Мы сидели, погребенные под развалинами рухнувшего дома, и нам не оставалось ничего другого, как наблюдать за немцами, поджигавшими здания на противоположной стороне улицы. Им теперь уже больше не приходилось выставлять прикрытие. Вдруг нагрянули солдаты строем, офицеры с биноклями в машинах — захлопали дверцы, раздались свистки и команда: «Евреи — выходи!»
Я считал, что дом напротив пуст. Ни единым звуком не откликнулся он на появление немцев с автоматами и карабинами на изготовку, не подал никаких признаков жизни; лишь в черных провалах окон бились на ветру занавески. Через минуту мимо нашего подвала прогрохотали бочки с бензином. Немцы выплеснули их содержимое на тротуар у дома напротив и бросили зажженную спичку. Мы услышали гулкое завывание пламени, которое сразу ворвалось в подъезд и полезло вверх по фасаду.
В ту же минуту дом как бы вывернулся наизнанку: в пустых окнах замелькали обезумевшие люди с разорванными в крике ртами.

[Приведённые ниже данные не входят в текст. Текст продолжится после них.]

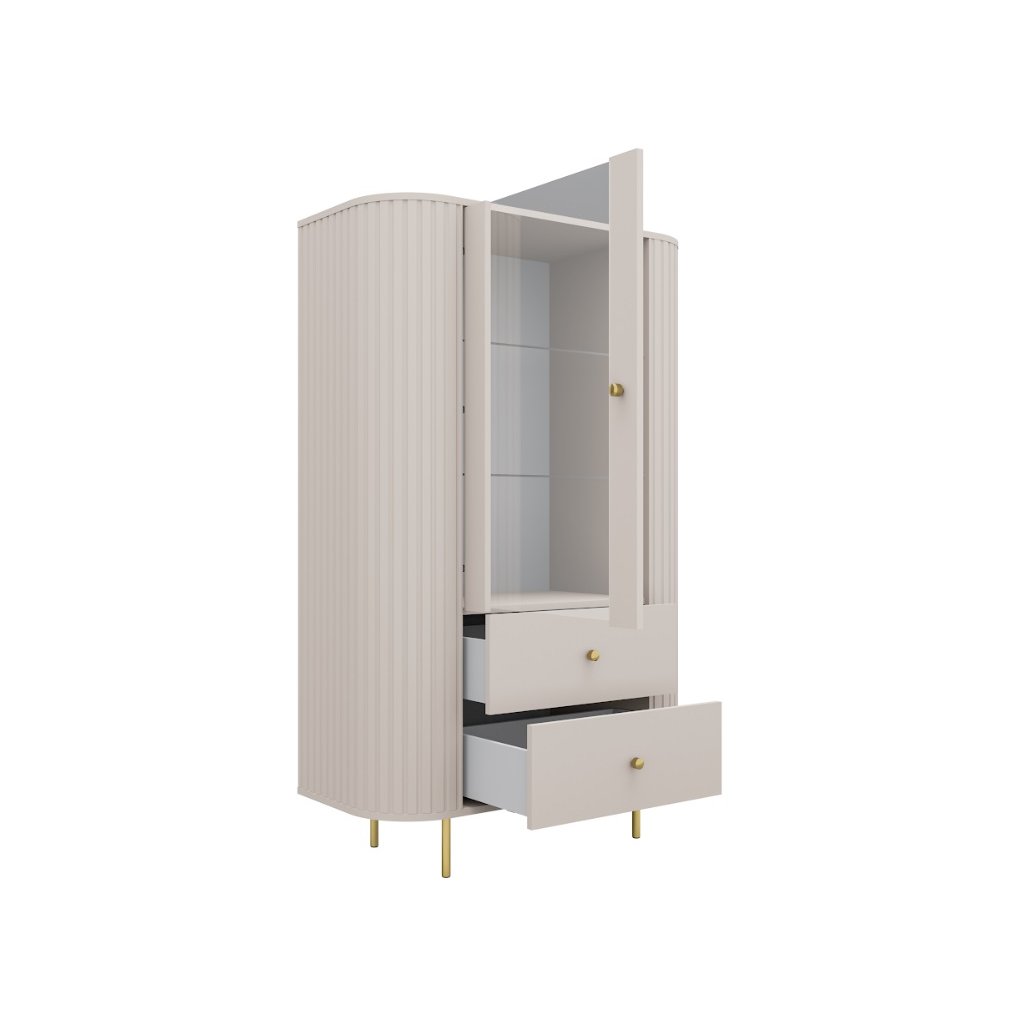 Kolekcia VAOLIA prináša čistý minimalistický štýl, oživený precíznymi frézovanými detailmi, ktoré dodávajú interiéru nový nádych elegancie. Tlmené, zemité odtiene pieskovo béžovej sú doplnené zlatými akcentmi, ktoré jemne kontrastujú so svetlou farebnou paletou a dodávajú nábytku sofistikovaný charakter. Vitrína VAOLIA 1F2S je navrhnutá ako jednodverový model s dvomi priestrannými zásuvkami, ktoré poskytujú praktický úložný priestor. Kovové nohy a úchytky v zlatom prevedení dodávajú vitríne ľahký, vzdušný vzhľad, pričom ju opticky nezaťažujú a podčiarkujú jej modernú eleganciu.
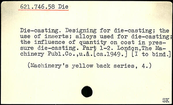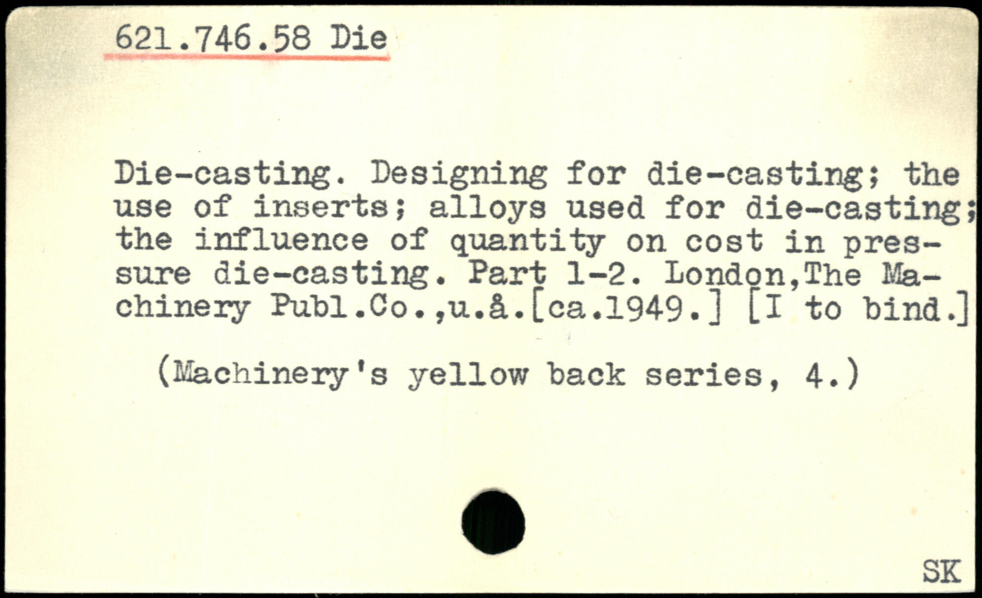 Die-casting. Designing for die-casting; the use of inserts; alloys used for die-casting; the influence of quantity on cost in pressure die-casting. Part 1-2. London,The Machinery Publ.Co. ,u.&.[ca.1949.] [i to hind.] (Machinery's yellow back series, 4.) _SK
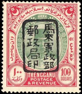 Malaya Japanese Occupation 1942 Trengganu $100 green and scarlet, chop 'F' in black SG J118
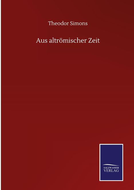 Theodor Simons: Aus altrömischer Zeit, Gebunden
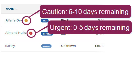 • Days Left: Estimated days remaining before the inventory runs out. This estimation is based on FeedWatch (on-premise) values. If a feeder uses too much/little of an ingredient or the inventory is not accurate, this date may be incorrect. Be sure to check your actual inventory if this date seems unreasonable.
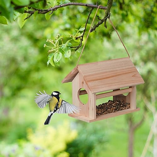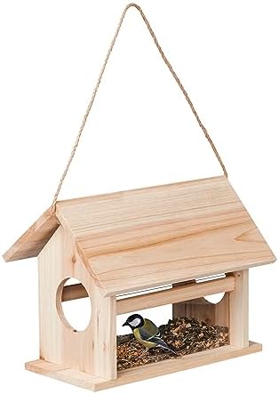Relaxdays Comedero de Pájaros de Madera, Colgante, Dispensador de Alimentos, Aves Silvestres, 24 x 30 x 21 cm, Natural
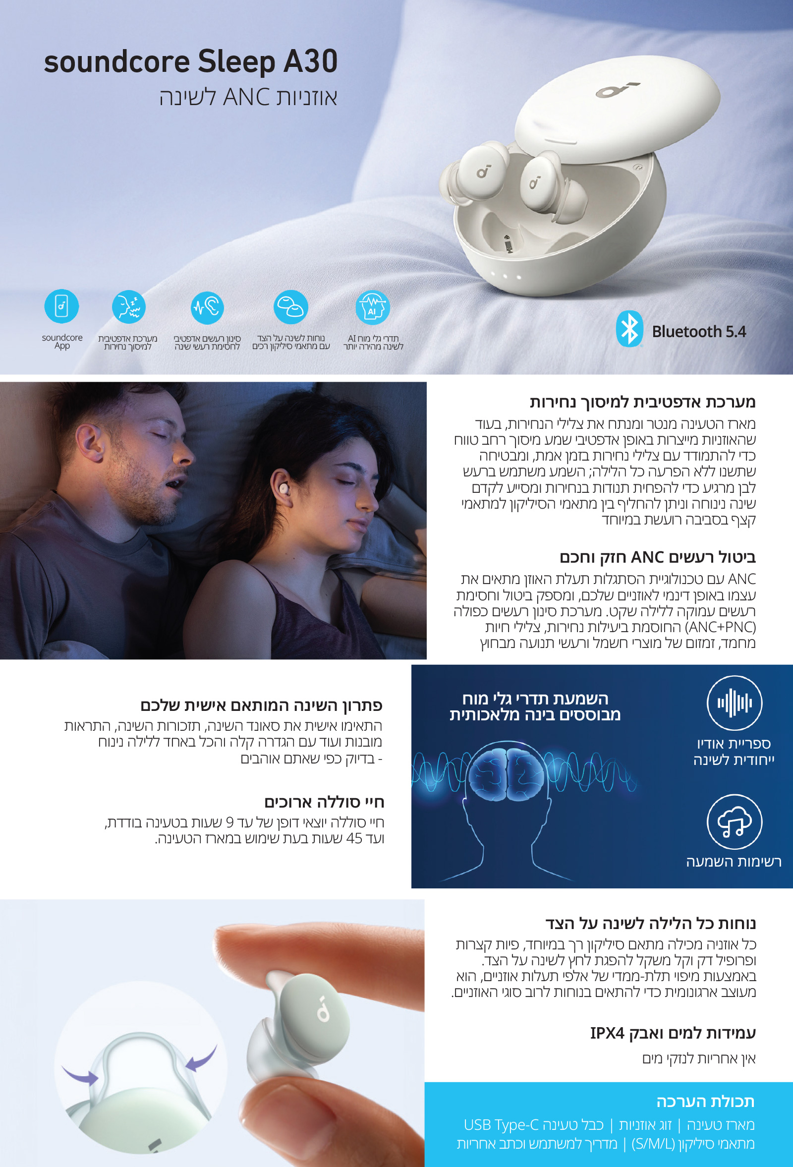מארז טעינה / זוג אוזניות A30 / כבל טעינה USB-C / מתאמי סיליקון Ear Tips (XS/S/M/L) / מתאמי קצף Ear Tips (S/M/L) / מדריך למשתמש וכתב אחריות
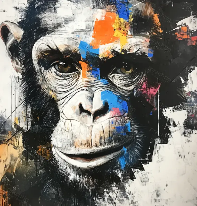 Deze intrigerende aap trekt je aandacht met zijn intense, doordringende blik. Heldere kleuren als oranje, blauw en roze spat er vanaf, waardoor een spannend contrast ontstaat met de donkere achtergrond. De grove penseelstreken geven het werk een energieke uitstraling. Het gezicht van de aap komt tot leven door de gedetailleerde texturen en schaduwen. Combineer dit unieke stuk met een moderne inrichting voor een gedurfde en levendige uitstraling.
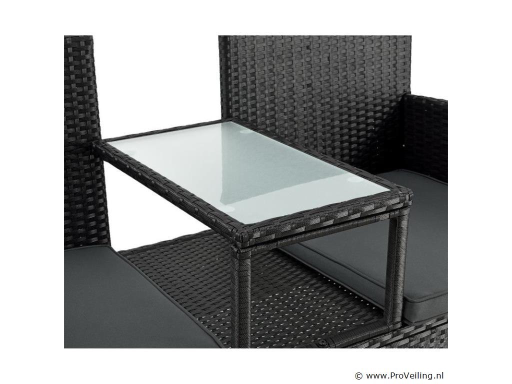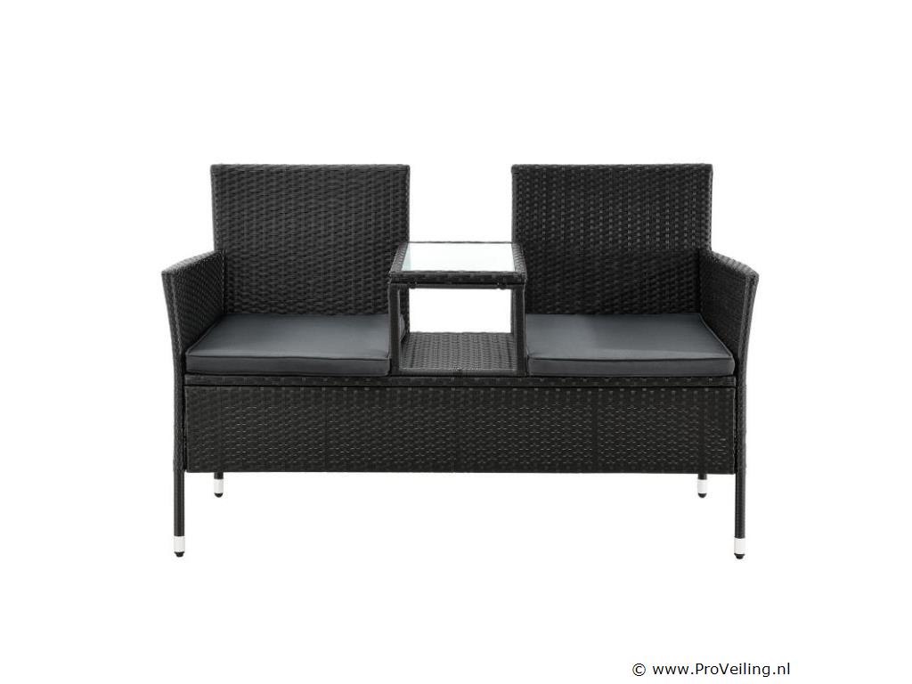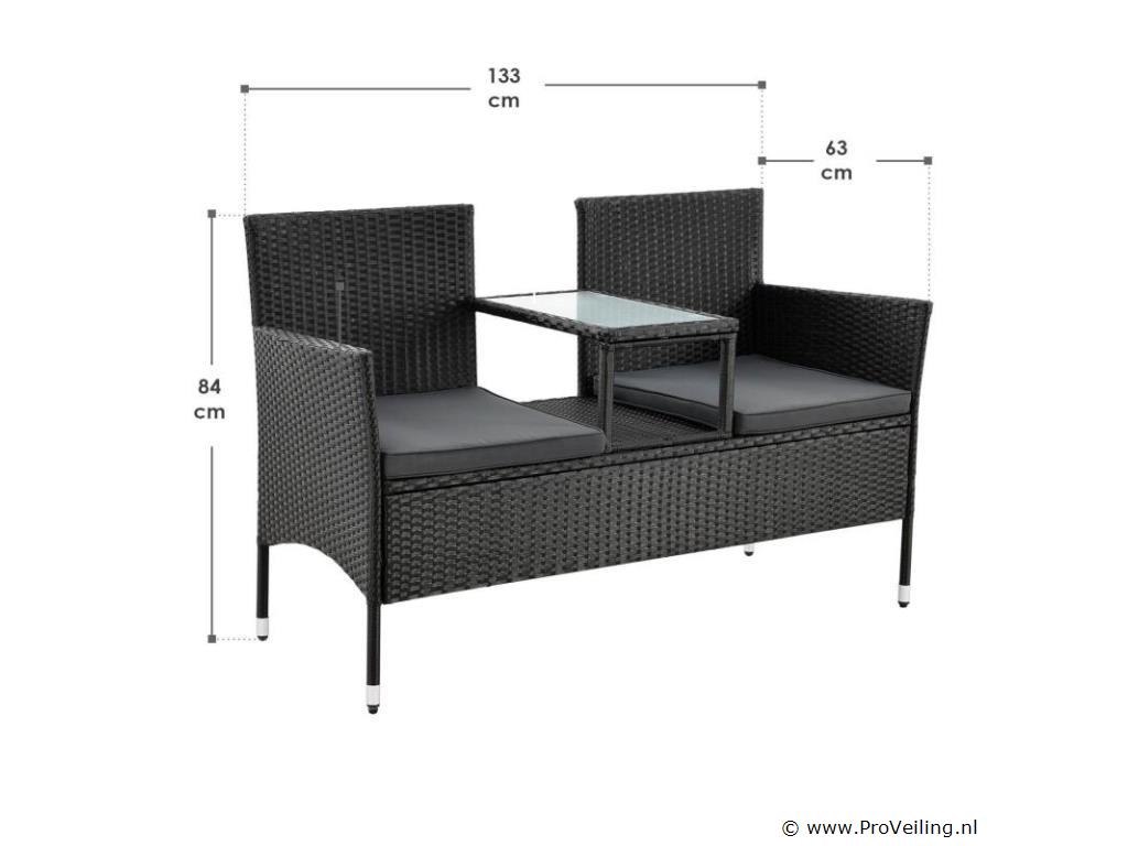 Bent u op zoek naar een stijlvolle zitgelegenheid voor uw balkon, tuin of terras die comfortabel en ruimtebesparend is? Kies dan voor de moderne polyrotan bank Monaco in zwart met donkergrijze zitkussens. De kleine tuinbank voor 2 personen neemt buiten maar weinig ruimte in beslag (133 × 63 × 84 cm) en is daarom ideaal als balkonmeubel. Ook bij de vijver, het zwembad of onder een boom oogt de 2-zitsbank in rotan-look modern en tijdloos. Het trendy vlechtwerk van polyrattan is onderhoudsvriendelijk en zorgt samen met het dikke zitkussen voor een zachte zitervaring. Zet drankjes of snacks op het kleine tafeltje in het midden. Technische specificaties: Materiaal gaas: polyrotan Materiaal frame: staal Materiaal tafelblad: glas Materiaal bekleding: schuim Materiaal hoezen: polyester Vlechtkleur: zwart Kleur kussensloop: donkergrijs Aantal zitplaatsen: 2 Hoezen wasbaar: ja Weerbestendig: ja Afmetingen (ongeveer): Totale afmetingen (BxDxH): 133 × 63 × 84 cm Zitkussen: 5 cm hoog Hoogte van de glasplaat: 0,5 cm Leveringsomvang: 1 x poly rotan bank 1 x geïntegreerde tafel 2 x zitkussens 1 x Instructie De poly rattan zitgroep wordt geleverd als bouwpakket voor zelfmontage per pakketdienst.
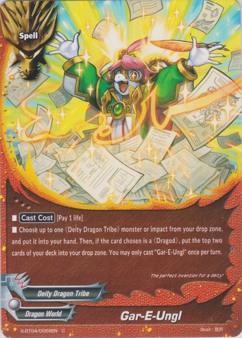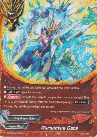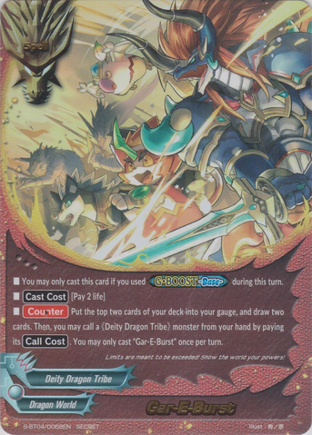 - [Counter] Put the top two cards of your deck into your gauge, and draw two cards. Then, you may call a 《Deity Dragon Tribe》 monster from your hand by paying its [Call Cost]. You may only cast "Gar-E-Burst" once per turn.
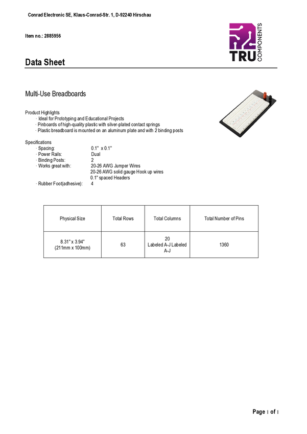 Płytka stykowa prototypowa TRU COMPONENTS TC-11543824 Ilość pinów 1360 1 szt.
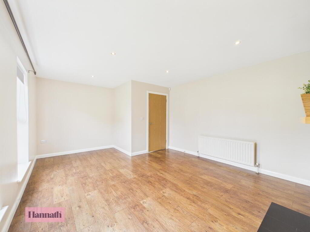 A spacious lounge offering plenty of natural light from two large double windows with views out to the front garden. The room is characterised by clean, neutral walls and warm wood flooring that runs throughout. A central fireplace with a modest wooden surround provides a cosy focal point, while recessed ceiling lights enhance the room's brightness.
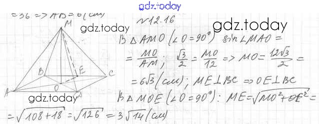 Ответы к Решение к §12 12.16 Учебнику по Геометрии для 10 класса Мерзляк, Номировский Базовый уровень Вентана-граф Алгоритм успеха 2017
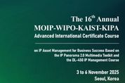 [아시아통신] 지식재산처는 세계지식재산기구(WIPO) 및 한국발명진흥회(KIPA)와 공동으로 11월 3일~ 6일까지 한국지식재산센터(서울 강남구)에서 '국제 지식재산 전문가 인증과정(AICC)'을 개최한다. 올해는 지식재산처·WIPO·KIPA가 공동 개발한 지식재산(IP) 비즈니스 교육 e러닝 콘텐츠인 IP 파노라마 2.0을 활용해 온라인 과정을 수료한 119개국 1,364명 중 23개국 35명의 우수 학습자를 최종 선발해 서울에서 오프라인으로 심화 교육을 진행한다. 이번 교육을 통하여 세계 각국의 지식재산 전문가들이 지식재산 경영 및 활용 전략을 수립하는데 도움을 받을 수 있을 것으로 기대된다. 이번 오프라인 교육 과정은 국제 비즈니스 경영 측면에서 지식재산의 효과적인 활용과 관련된 ▲ 지식재산(IP) 가치 평가 및 금융 ▲ 인공지능(AI) 등 최신 IP 동향 ▲ 특허등급 평가 및 활용 사례 ▲ IP 면허 전략 ▲ IP 면허 협상을 위한 실습 등으로 구성됐다. 특히, 창업초기기업ㆍ개척기업을 위한 IP 경영전략 수립 방법, 분쟁 대응전략 등의 내용도 포함되어 있어 경영 실무역량 배양에 도움이 될 것으로 기대된다. &nbs
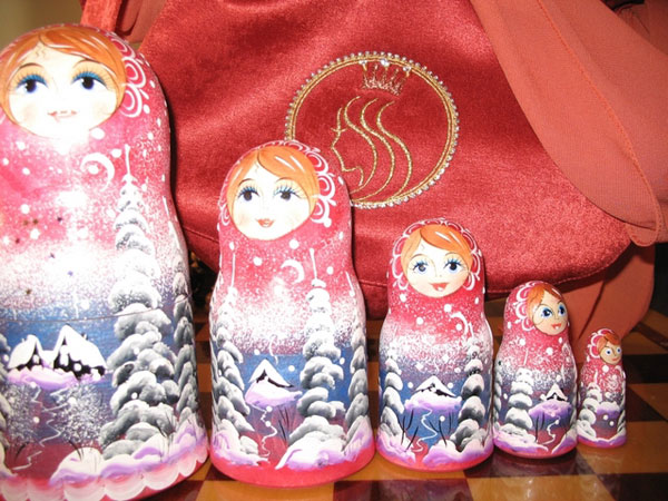Всем участницам от сестер Тихвинского монастыря достались красные сумочки с эмблемой турнира, вышитой уральскими камнями-самоцветами, и матрешки. |
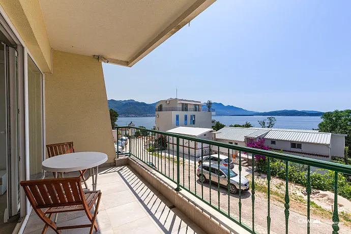 A spacious one-bedroom apartment of 73m² located in a modern residential complex in Bijela. The apartment is fully furnished and ideal for comfortable year-round living. The complex offers numerous amenities including a large swimming pool, tennis court, landscaped garden, and security. The apartment features a bright living room, separate bedroom, kitchen with dining area, bathroom, and a terrace with a sea view.
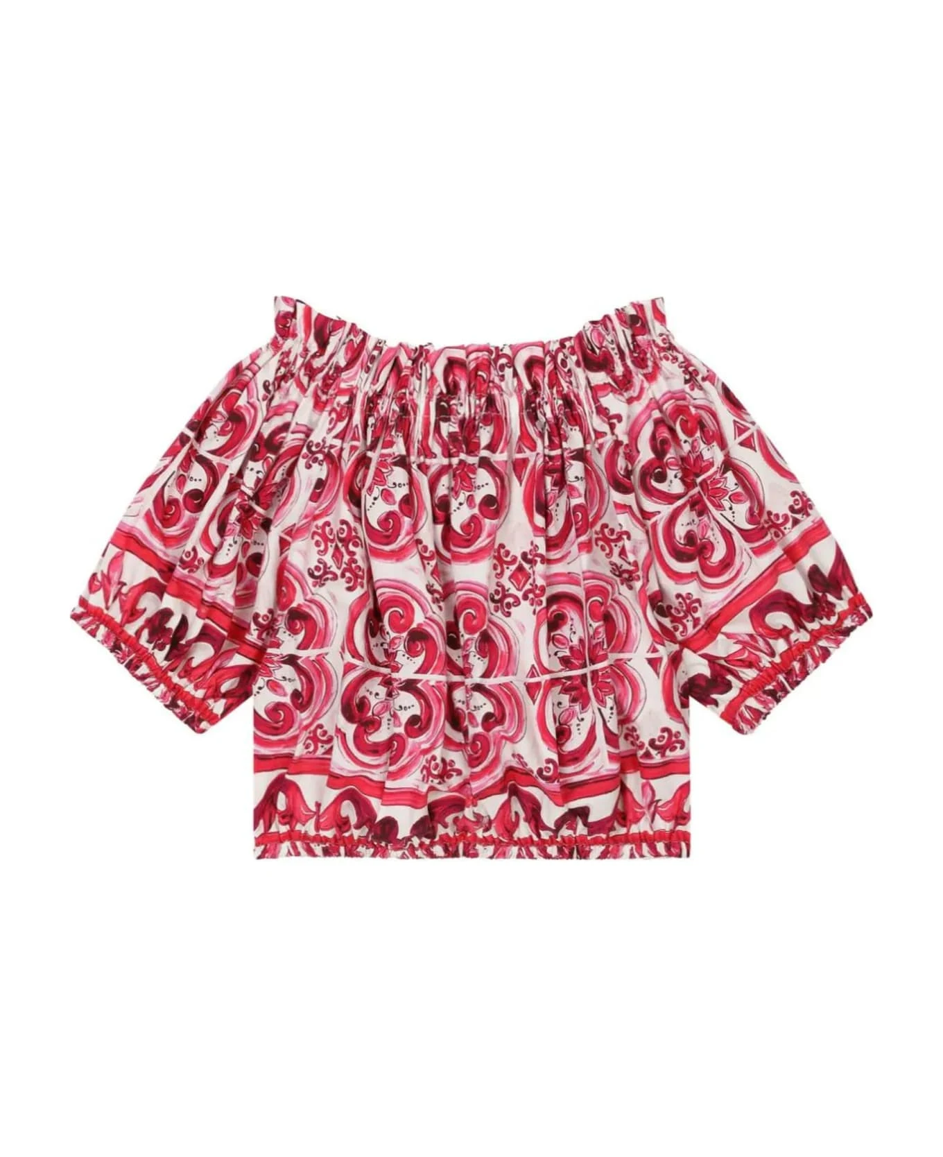 Crimson red and white cotton top, all-over Majolica print, elasticated neckline, off-shoulder, short puff sleeves, elasticated straight hem

До нас их вопль едва донесся, потому что улица в тот же миг ответила ураганным огнем, да и немцы загоготали, как на фильме с участием Гейнца Рюмана{70}. Один эсэсовец услужливо стряхнул искру, упавшую на мундир офицера.
Потом вниз по фасаду заскользили тени — сперва полетели матрацы и подушки, затем сами люди. Сжав зубы, я изо всех сил старался взять себя в руки; я и теперь все еще был способен на безрассудство. И механически твердил про себя имя Франки, как будто напоминая самому себе о своем долге. А люди всё бросались из окон, и не все разбивались насмерть, некоторые пытались отползти — но не к улице, где стояли немцы, которые теперь веселились вовсю, с интересом наблюдая эту сцену, — полуживые, с переломанными руками и ногами, они ползли назад, в огонь, из которого только что вырвались.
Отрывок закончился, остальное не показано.